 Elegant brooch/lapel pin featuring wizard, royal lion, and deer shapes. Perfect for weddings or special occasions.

# # # # #

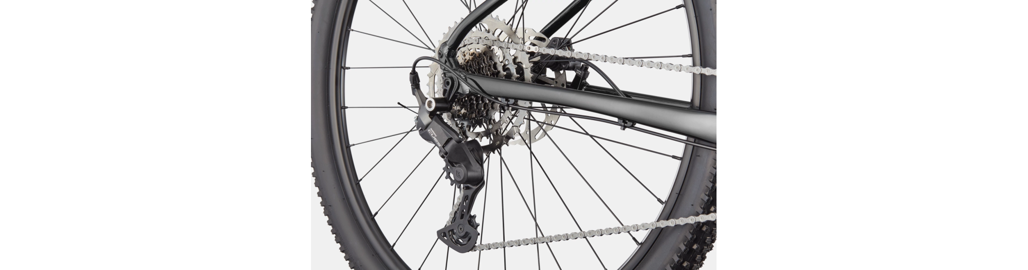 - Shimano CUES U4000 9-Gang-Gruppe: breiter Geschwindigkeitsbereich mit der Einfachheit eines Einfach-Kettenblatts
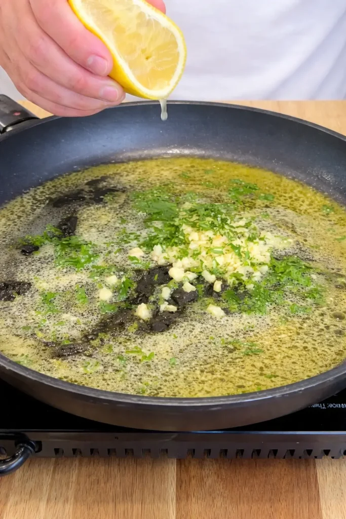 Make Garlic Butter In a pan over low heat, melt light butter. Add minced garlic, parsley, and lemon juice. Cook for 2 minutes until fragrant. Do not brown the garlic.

# # # # #

Each line from the one that contains "- Shimano CUES" down to the one that contains "Make Garlic Butter" is to be returned exactly as it stands above, both ends included, with pictures removed.

 - Shimano CUES U4000 9-Gang-Gruppe: breiter Geschwindigkeitsbereich mit der Einfachheit eines Einfach-Kettenblatts
 Make Garlic Butter In a pan over low heat, melt light butter. Add minced garlic, parsley, and lemon juice. Cook for 2 minutes until fragrant. Do not brown the garlic.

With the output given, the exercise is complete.